Geriden gelenler…
Değirmenlik kendi yarı sahasında savunma yaparak maça başlamayı tercih etti. Futbolcular birbirine yakındı. Bloklar arasında da yakınlık vardı. Tüm takım savunmaya katkı koydu. Sert savunma anlayışı tüm futbolcularda vardı. Rıfat’a, Hüseyin Yıldırım desteğe geldi. Sol kanat akınlara kapatıldı. Yusuf Kumaş aynı yardımı Ümit Babacan’dan almadı. Ama o bölge de pek sıkıntı yaşanmadı. Katı savunma anlayışı ve buna bağlılık sayesinde kale önü kapatıldı. Boş alan bırakılmadı. Cihangir dış şutlara itildi.
Ofansif yönü güçlü olan takımlara karşı çok adamla savunma yapmak doğru. Ama bence bu savunma ceza sahası içine kadar taşınmamalı. Merkez orta saha oyuncuları savunmanın içine girdi. Bu sayede savunmanın uzaklaştırmaya çalıştığı bütün toplar Fırat ve Folley tarafından toplandı. Takım ikinci bir hücum yedi. Haşim ve Peter hemen ileri itilmeliydi. Bu alanda üstünlük sağlanıp oyun dengelenmeliydi.

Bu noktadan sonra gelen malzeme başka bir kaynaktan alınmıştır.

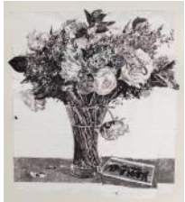
The Execution of Maximilian , 2017 Indian ink, red pencil and torn paper 128 11/16 x 114 1/8 in. (327 x 290 cm) Unique No. 19768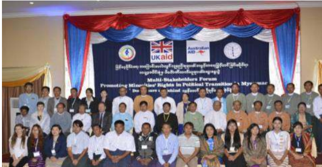
Gp Photo on Multi-Stakeholder Forum: Promoting Minorities' Rights in Political Transition in Myanmar (2018)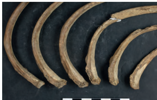
Fig. 15. Rib periosteal lesions: visceral view of the left ribs.

In addition to a possible case of pulmonary tuberculosis, the skull of burial no 13a (2010) was found upside down in the grave of burial no 13 (2010). The left parietal bone of the skull presented with a hole indicative of skull surgery (Fig. 17). For a long time, there had been no finds of trepanned skulls in Estonia, but during the last couple of years, a few interesting cases have been found. Trepanation is a surgical procedure in which the soft tissues of the skull and the underlying bone are cut and removed. The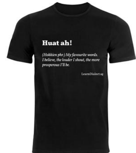
"Huat ah!" Definition · Black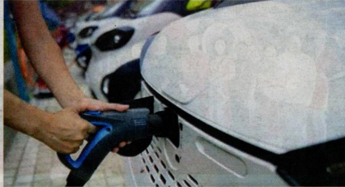
A staff member hooks up a charging cable to an electric vehicle at a charging station in Liuzhou, Guangxi Zhuang Autonomous Region, China.

trying to boost consumption of wide-ranging goods as the world’s No. 2 economy slows further in 2019 amid the trade spat with the United States.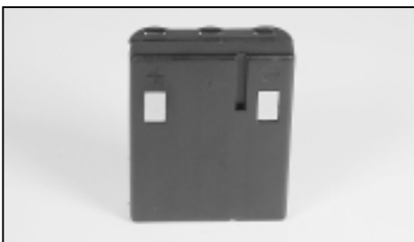
PART NO.: BATT-1711 3.6V 600MAH NI-CAD VTECH 80-4143-00-00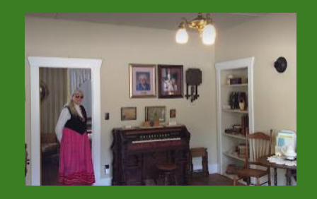
Docents in the Farmhouse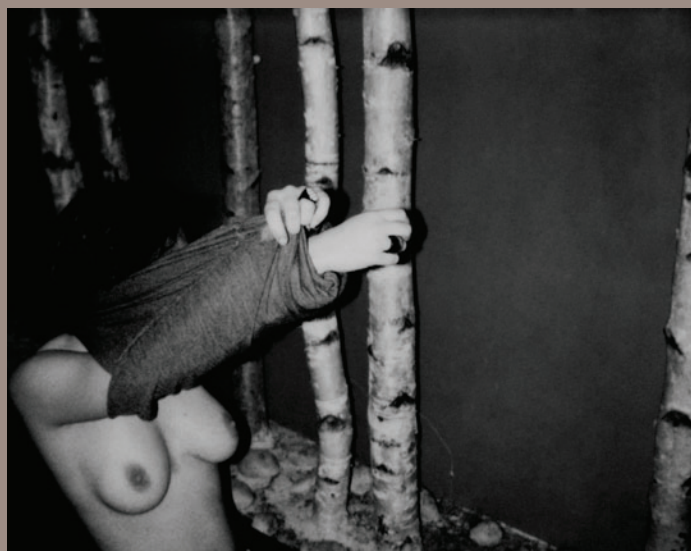
Bémol Diptych 3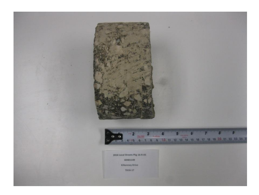
Photograph 7. Kilkenny Drive – TH16-17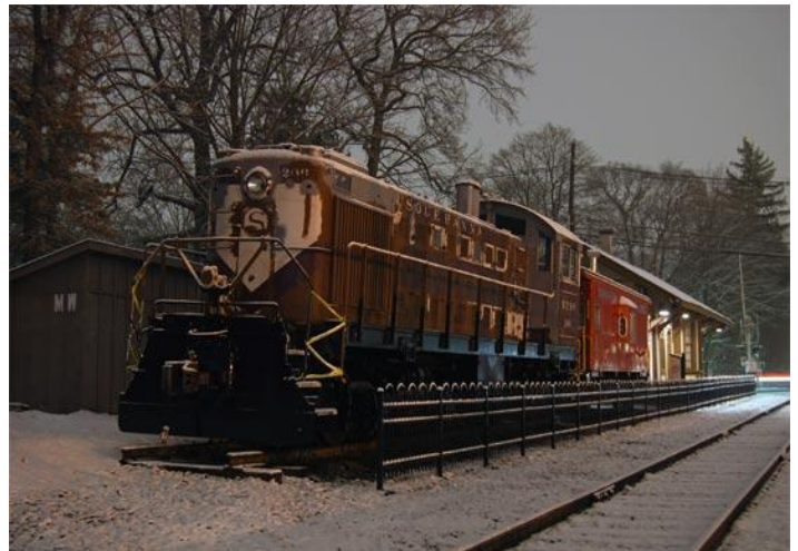
NYS&W #206 is seen during the first snowfall of the winter season in this time-exposure night photo taken on December 16, 2008. Restoration work on the locomotive will continue when warmer comes weather this spring.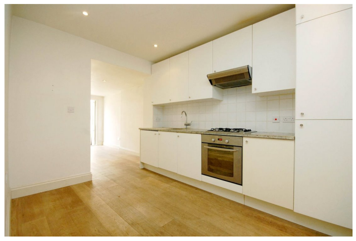
GAYFORD ROAD, LONDON, W12 £1,900 PER CALENDAR MONTH

A stylish and modern one double bedroom ground floor flat with private patio garden. Unfurnished, Available 9th December 2024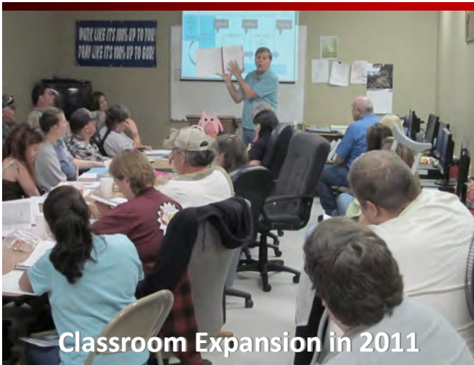
Classroom Expansion in 2011

Because of your donations, we have new computers, new classrooms, new programs – all aimed at helping others break the cycle of poverty. We could not do this work without your gifts and most especially your prayers of support. Maybe you work and don't have the time to come here and volunteer but you give – thank you.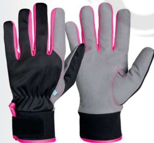
Driver / Assembly Glove CGM-306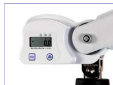
Digital weigh-scale (Class III)

One of the restrictions of using certain lifts is the type of slings you can use on the product. The Presence, however, gives you a choice of sling systems because you can use the conventional 6-point spreader bar (A) or Oxford 4-point positioning cradle (B - powered version shown).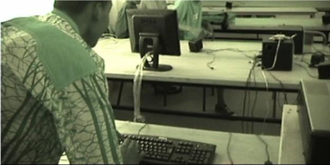
Figure 1. A partial view of the DE classroom setting at the AVU-Ouagadougou in Burkina Faso, where a student is typing an answer.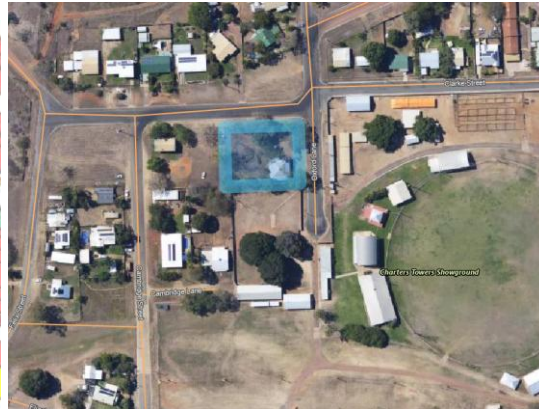
Figure 2 – Aerial photograph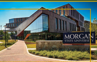
Morgan State University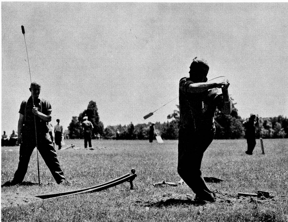
Hornussen is recognized in Switzerland as a national game. Here the Hornuss is sent down the field using a long willow-handled mallet.

Travellers from the Grimsel Pass to Meiringen (or vice-versa) should make a point of calling at the new rock crystal museum in the holiday village of Guttannen. There, crystal hunter and mountain guide Ernst Rufibach has put his fine collection, formed over 20 years, on view to the public. In the 38 glass cabinets can be seen rock crystals, smoky quartzes, pink fluorites and various other minerals.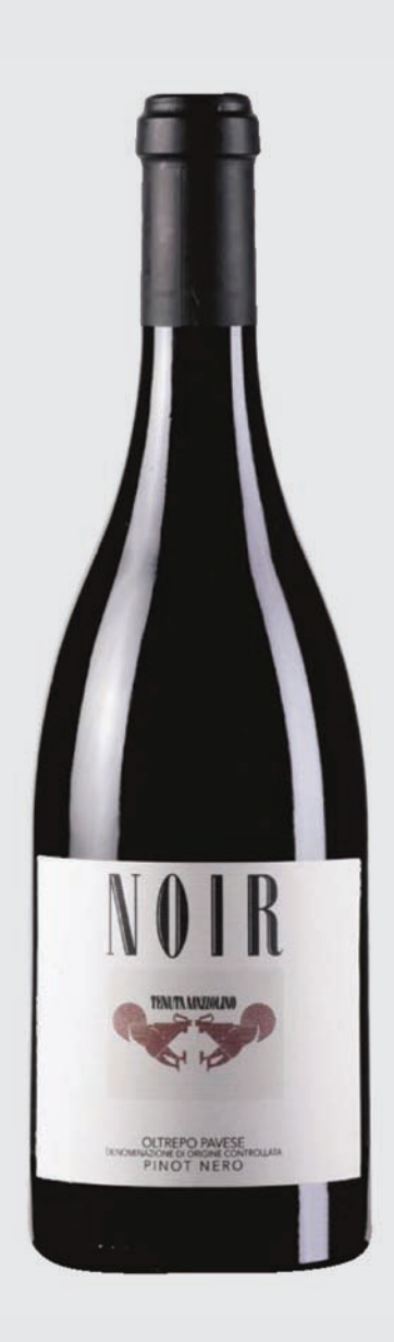
"Every April I travel to Verona to participate in the controlled madness that is Vinitaly."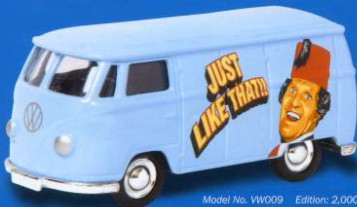
Model No. VW009 Edition: 2,000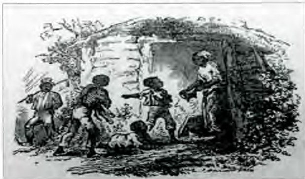
Source: Uncle Tom's Cabin , first edition, 1851

sympathetic account of heroic African American slaves and an evil master in the South. Ironically, this child who was named after a white author, still could not enter a white public school to learn to read 20 years after the book had been written!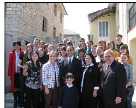
The girls of the Stella's Houses pictured with the US Ambassador and his wife at the opening of Stella's House II.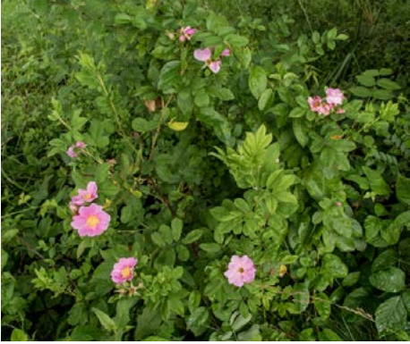
LOCATION: Path Edge, Rolling Dunescape, Rain Gardens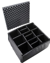
iM2875-DIV Padded Divider Set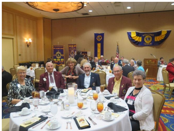
(White Sulphur Springs Lions Club)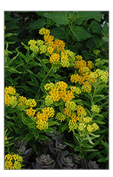
Hello Yellow Milkweed flowers

Milkweed is the most important plant to the monarch butterfly caterpillar; this variety features vibrant yellow flowers; great for dry, sunny areas; can use dried seed pods for crafts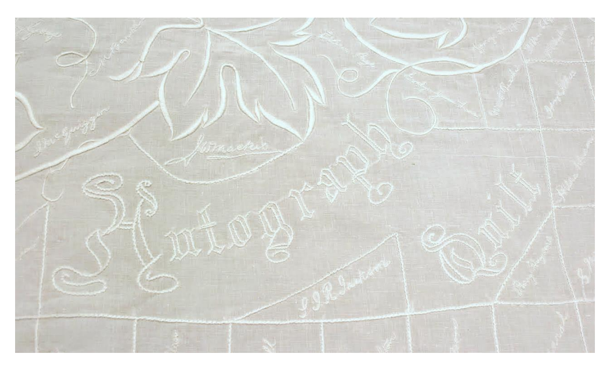
Rylstone Autograph Quilt (detail)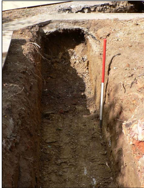
Trench from west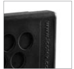
Also available in black.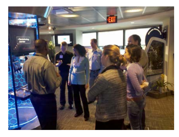
GWSS members learn about Lockheed Martin's sustainable technology R&D at its Global Vision Center.

GWSS organized a trip to the Lockheed Martin Global Vision Center on March 11. The group was given a tour of the green technologies showroom, followed by a tour of the Space Experience Center. Included in the tour were briefings on existing and forthcoming technologies, simulator time, and a reception to conclude the event. •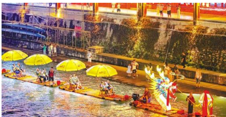
Gongshi River, Xuan'en County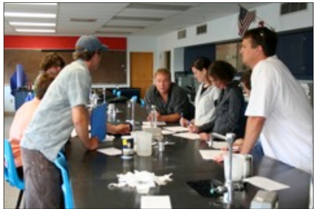
Staff collaboration meetings at the fall inservice.

curing from August 18th through August 20th. Migrant education recruiting will occur during the months of August through October in order for the results to be submitted to the state by November 15th.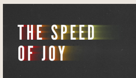
The Speed of Joy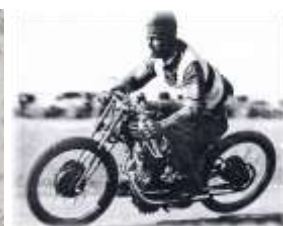
A speedway bike from 1912, Photo for illustration purposes only.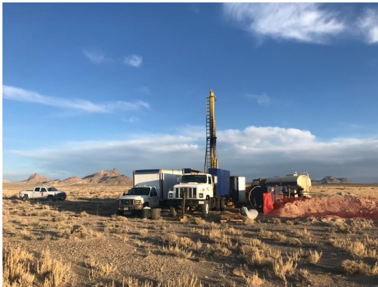
Figure 1 – Drill Rig on Site at the Horizon Lithium Project

Calgary AB – Pan American Energy Corp. (the “Company” or “Pan American”) (CSE: PNRG) (OTC PINK: PAANF) (FRA: SS6) is pleased to announce the Company and its partners, KB Drilling (“KB”) and RESPEC Consulting Inc. (“RESPEC”) has begun drilling at the Phase 1 exploration drill program at its 17,334 acres Horizon Lithium Project (“Horizon”) located in Esmeralda County that is 7.4 miles west from Tonopah, Nevada. The Company will focus immediate efforts on eleven (11) priority drill holes of the fully permitted twenty-two (22) core drill hole program. The Company has detailed an execution plan sequence for the eleven (11) priority drill holes (Table 1).

Bir takımın sadece savunma yaparak maç kazanması zor. Savunma yaparken mutlaka hücum da düşünülmeli. Top kapıldığı zaman direk hücumlarla gol aranmalı.
Takım top kesmede başarılı. Ama pas yapma konusunda son derece yetersiz. Büyük bir mücadele sonunda top kazan. İki pası arka arkaya yapama. Her aldığın topu rakibe ver.
Maçın genelinde topu koşturtan bir Cihangir vardı. Buna karşılık kaybeden ve sürekli topa sahip olmak için koşan Değirmenlik. Doğal olarak da oyunun bazı bölümlerinde yorulan oyundan düşen bir takım.
Pas hataları üçüncü bölge organizasyonlarını da son derece olumsuz etkiledi. Değirmenlik bu bölgede yok gibiydi. Genelde Sercan Çoban’a uzun atıldı. Sercan’a gerekli destek gelmedi. Top duvardan seker gibi geri geldi. Mustafa hoca bu sorunu çözmek için ikinci yarıda öne Amani’yi itti. Bir hamle daha yapıp Kojo’yu oyuna aldı. Ama bir türlü rakip kalede istediği etkiyi yaratamadı.
Cihangir son derece inatçı ve dirençli bir savunmayla karşı karşıya kaldı. İlk yarı neredeyse Değirmenlik kale sahası içinde oynadı. Ama birkaç dış şut ve duran top dışında rakip kaleye etkili top gönderilemedi.
11 kişi ile savunma yapan bir takım bence geriden gelenlerle vurulmalıydı. Rakip ne kadar iyi kapatırsa kapatsın geriden gelenler en etkili silah. Hasan Yaşınses ilk yarıda istekliydi. Top takımına geçtiği zaman ayağı çizgide. Zaman zaman rakip kaleye sprint yaptı alan yarattı. Arkadaşları görmedi.
45. dakika. Maçın kader anı. Halil Turan’a yapılan müdahalenin penaltı olarak değerlendirilmesi. Yukarıda da bahsetmiştim savunma yapabilen ve ileri gidemeyen bir takım. Hafif bir omuz şarjı. Soyunma odasına mağlup olarak gitme psikolojisi.